[[ RECORDS FOR THIS TASK open ]]

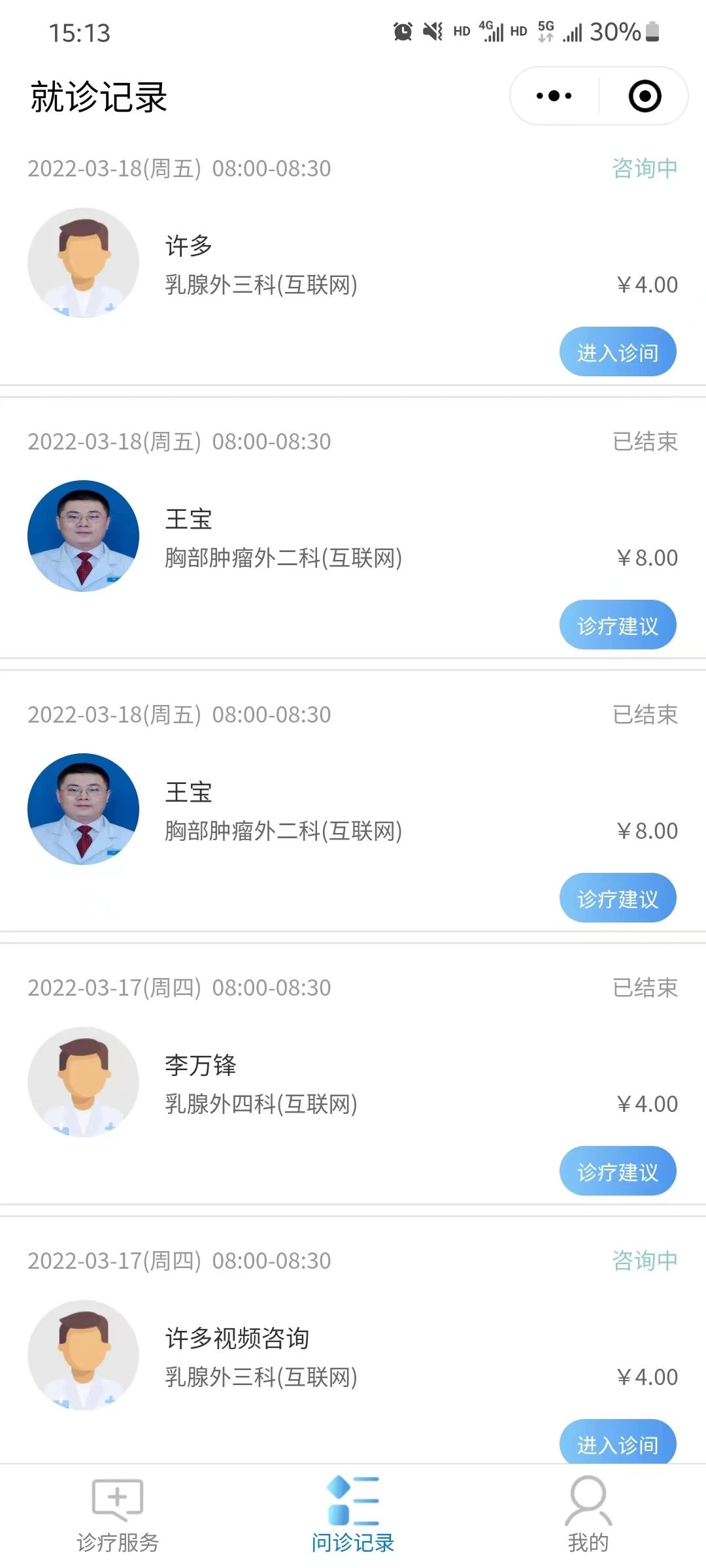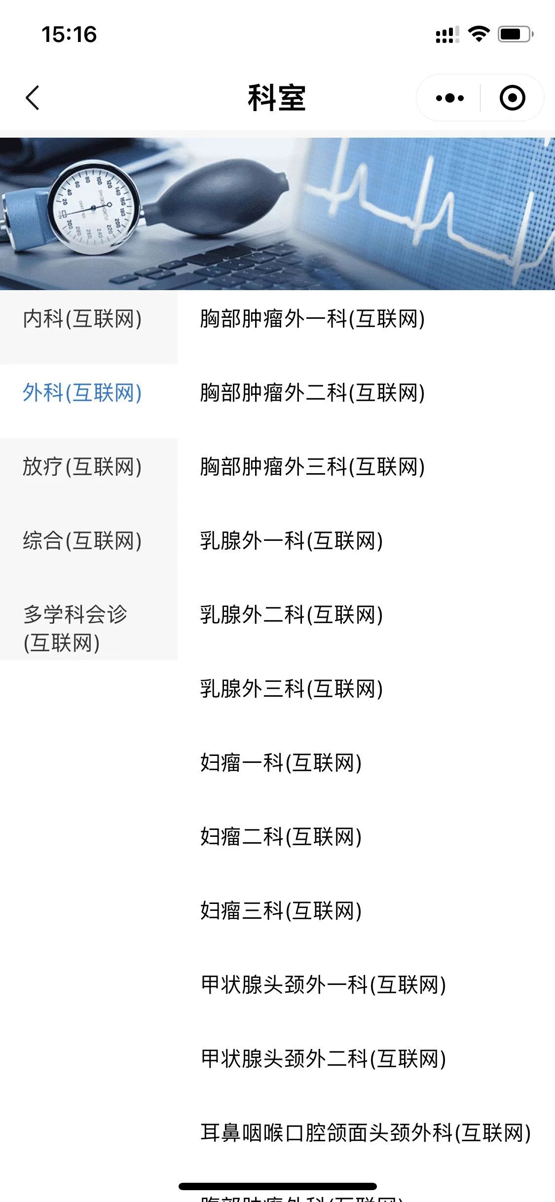 点击胸部肿瘤外二科(互联网)从中选择要看诊的医生。
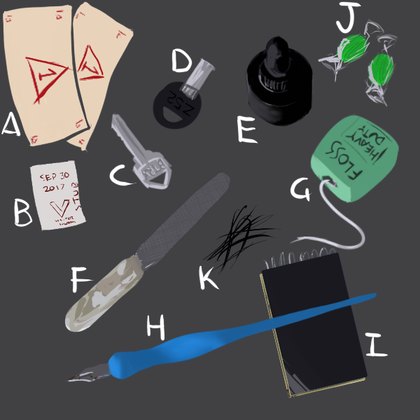 1x Loose black fur, smells of ink (Eurydice's)
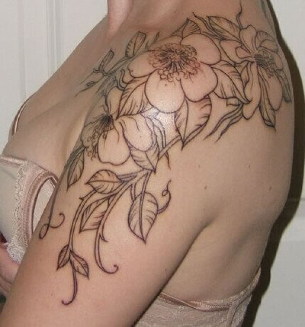 包住肩膀的素色花藤纹身作品_植物纹身图案大全_纹身图吧
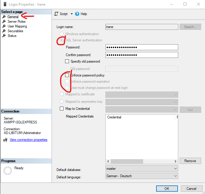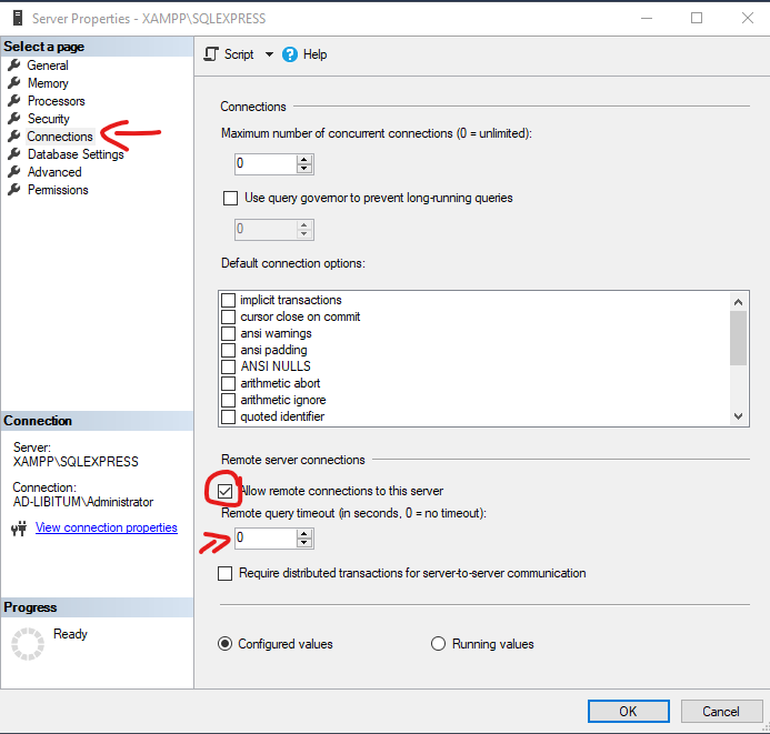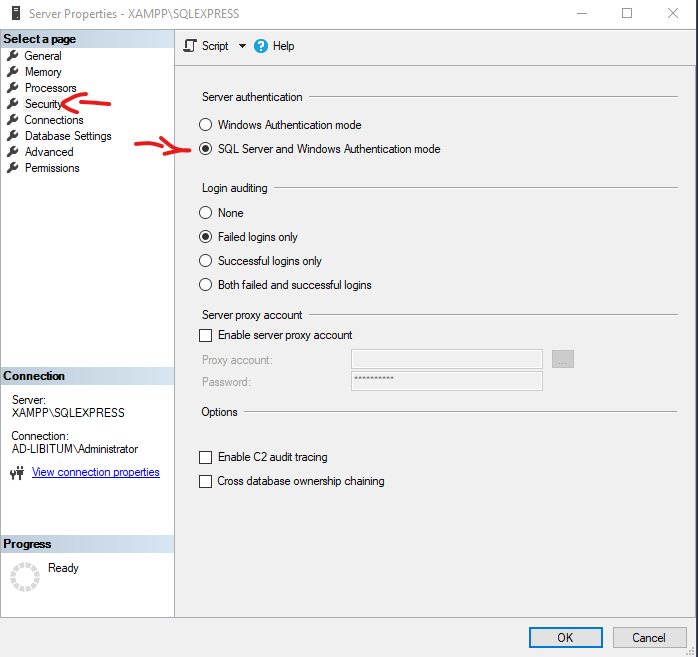 Auf dem Server im SQL Server Management Studios (SSMS) einen Rechtsklick auf den Server machen, Einstellungen wählen und unter Security diese Einstellungen vornehmen:
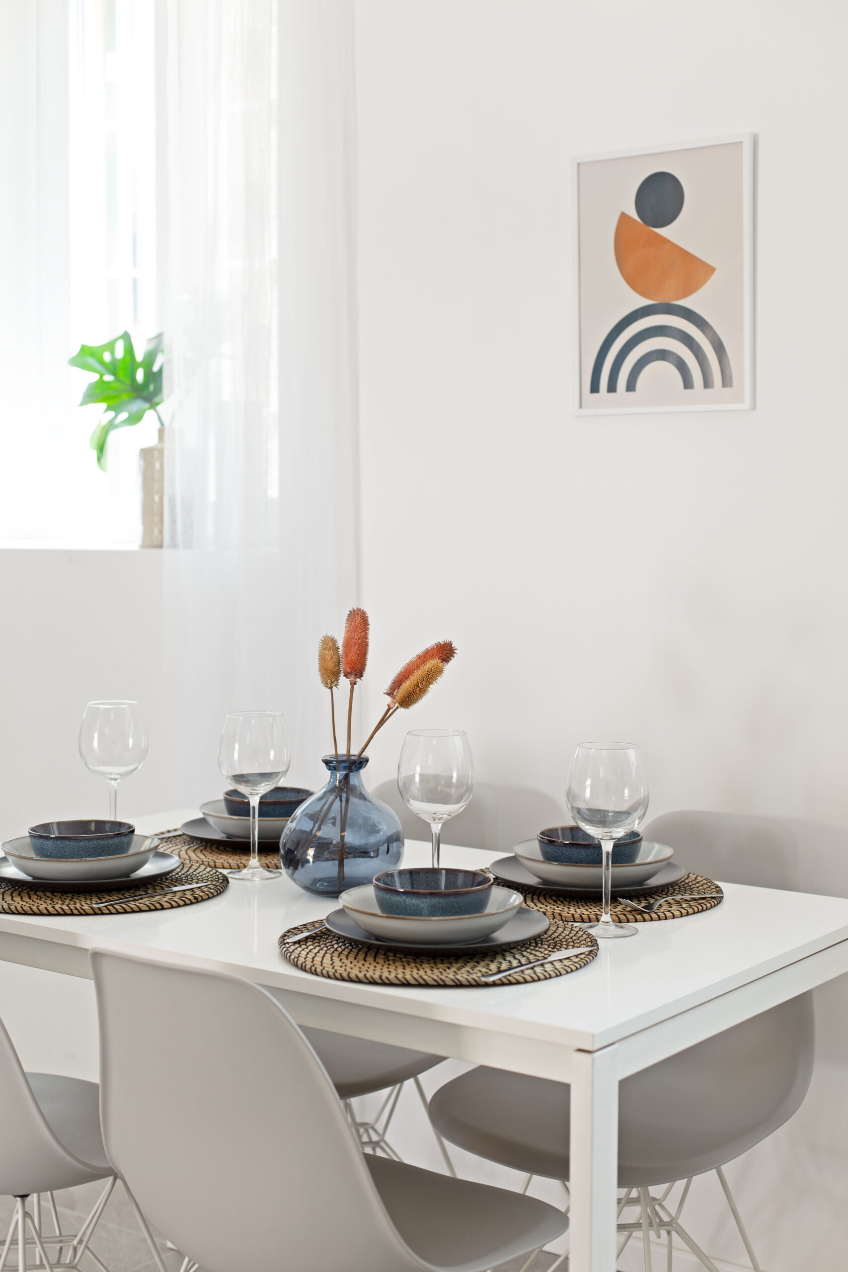 Si tratta del servizio di home staging completo. Il mio intervento segue tutti gli step: sopralluogo, creazione progetto, l’organizzazione dell’allestimento e servizio fotografico fino al disallestimento. Arredi, complementi e tessili rimangono nell’immobile fino a proposta accettata o termini contrattuali.

[[ RECORDS FOR THIS TASK closed ]]

TASK DIRECTIONS
Copy the records above exactly, leaving out every picture.

RESPONSE TO THIS TASK
 点击胸部肿瘤外二科(互联网)从中选择要看诊的医生。
 1x Loose black fur, smells of ink (Eurydice's)
 包住肩膀的素色花藤纹身作品_植物纹身图案大全_纹身图吧
 Auf dem Server im SQL Server Management Studios (SSMS) einen Rechtsklick auf den Server machen, Einstellungen wählen und unter Security diese Einstellungen vornehmen:
 Si tratta del servizio di home staging completo. Il mio intervento segue tutti gli step: sopralluogo, creazione progetto, l’organizzazione dell’allestimento e servizio fotografico fino al disallestimento. Arredi, complementi e tessili rimangono nell’immobile fino a proposta accettata o termini contrattuali.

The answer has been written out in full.